Eustace Conway founded Turtle Island Preserve in the Blue Ridge Mountains of North Carolina in 1987 and has spent the decades since using it to teach primitive skills: blacksmithing, traditional carpentry, fire-making, and Appalachian folk medicine. His most significant moment on the show was not a survival challenge but a legal one.

In 2012, Watauga County officials issued building and health code violations that forced the preserve to close, taking issue with his hand-built log cabins, composting toilets, and the absence of modern plumbing in an educational facility.

Conway took the case to the North Carolina Building Code Council, arguing his structures were built with superior natural materials that had sustained human life for millennia.

The fight led to a bill in the North Carolina General Assembly exempting primitive educational structures from standard codes. Turtle Island reopened in June 2013.

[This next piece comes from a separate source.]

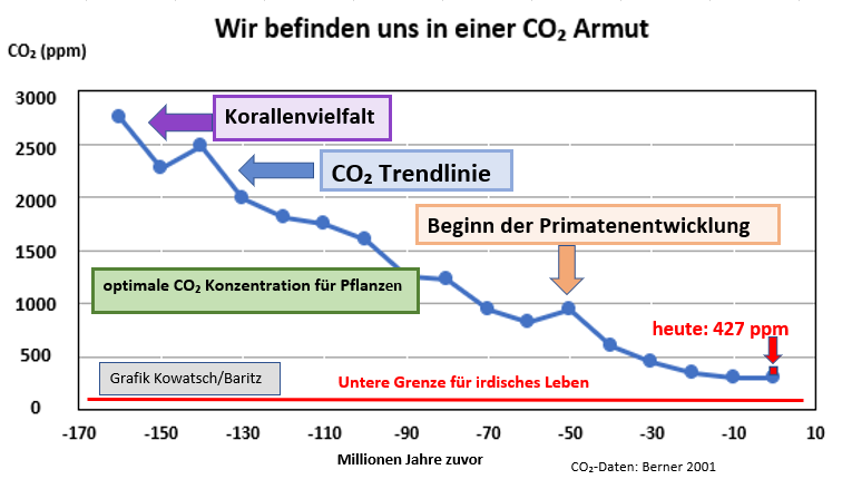 Zu den natürlichen Lebensgrundlagen dieses Planeten gehört eine ausreichende CO₂-Konzentration. Unter 290 ppm bekommt das Leben seine Schwierigkeiten.
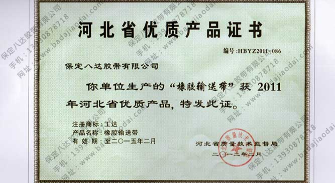 河北省優質產品證書

He stepped back from the main cast after Season 12 to focus on the preserve’s long-term sustainability. In 2026 he continues to operate Turtle Island as a non-profit educational center, running workshops and managing the 1,000-acre property while carrying the loss of Preston Roberts, his partner of 30 years, who died in 2017.

Rich Lewis Retired to a Quiet Life in Montana

Rich Lewis appeared from Season 2 through Season 6 as a mountain lion hunter in Montana’s Ruby Valley, managing the balance between human settlements and large predators using a pack of specialized hunting dogs. He left the show on his own terms, stating he was getting too old for the grueling pursuit of cougars across vertical terrain.

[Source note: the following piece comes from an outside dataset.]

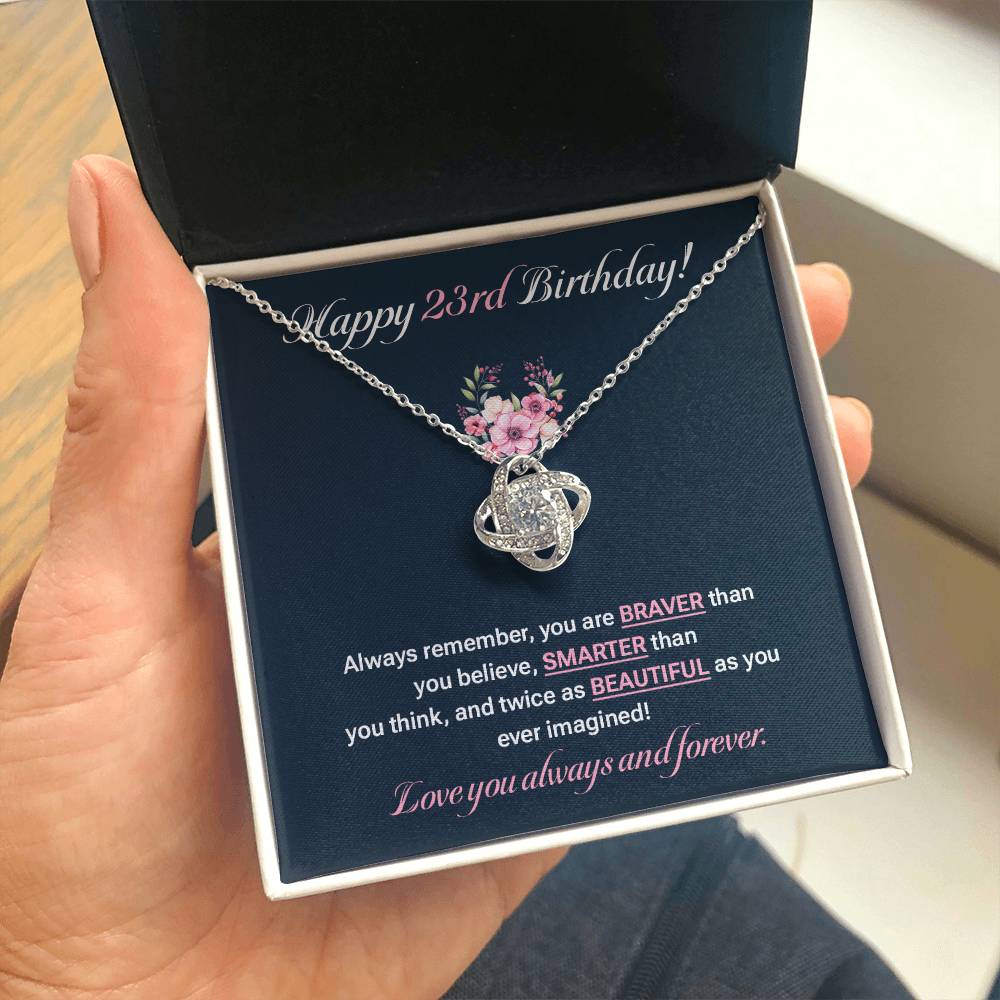 23rd Birthday Necklace for Her – Elegant Floral Gift Box Message

In 2026 he lives quietly with his wife Diane in the Montana mountains. Nearly 30 years married, they have stepped back from public life entirely and have no social media presence.

His legacy on the show is that of a man who kept the valley’s predator population in balance for decades and left when the body said it was time.

Morgan Beasley Separated From Margaret and Runs Alaska Horse Tours

Morgan Beasley brought a background in Environmental Science to the show’s Alaska segments, living 165 miles from the nearest road in the Alaska Range with his partner Margaret Stern and a string of Icelandic horses capable of swimming channels and packing gear across the tundra.

His homestead is called Apricity Alaska, named for the feeling of winter sun warmth, a concept that reflects his approach to finding harmony within a harsh environment.

He and Margaret left the show after Season 8. They separated in 2022. Beasley continues to operate Apricity Alaska, which has grown into a destination for wilderness education and horse-packing tours.

He maintains a YouTube channel documenting bush life and aircraft repair, and his horse Lobba was scheduled to begin riding training in summer 2026.

He is more active in 2026 than he was during the show’s run.

Where the Show Stands in 2026

Mountain Men is currently in its 14th season on History Channel, making it one of the longest-running unscripted shows in the network’s history.

The current cast includes Marty Meierotto in Alaska, new cast members Mike Horstman on Kodiak Island, Lauro Eklund competing in the 2026 Iditarod, and the Painter family establishing an off-grid home with three young sons in Alaska.

Tom Oar’s departure closes the original era of the show. The cast that launched it in 2012 — Oar, Meierotto, Lewis, Conway — represented one generation’s approach to the wilderness.

The cast replacing them represents the next. What the show has always been about is the transmission of that knowledge before it disappears entirely.

Tom Oar leaving at 81, wearing a defibrillator vest, after 50 years in the Yaak Valley, is exactly what that looks like in practice.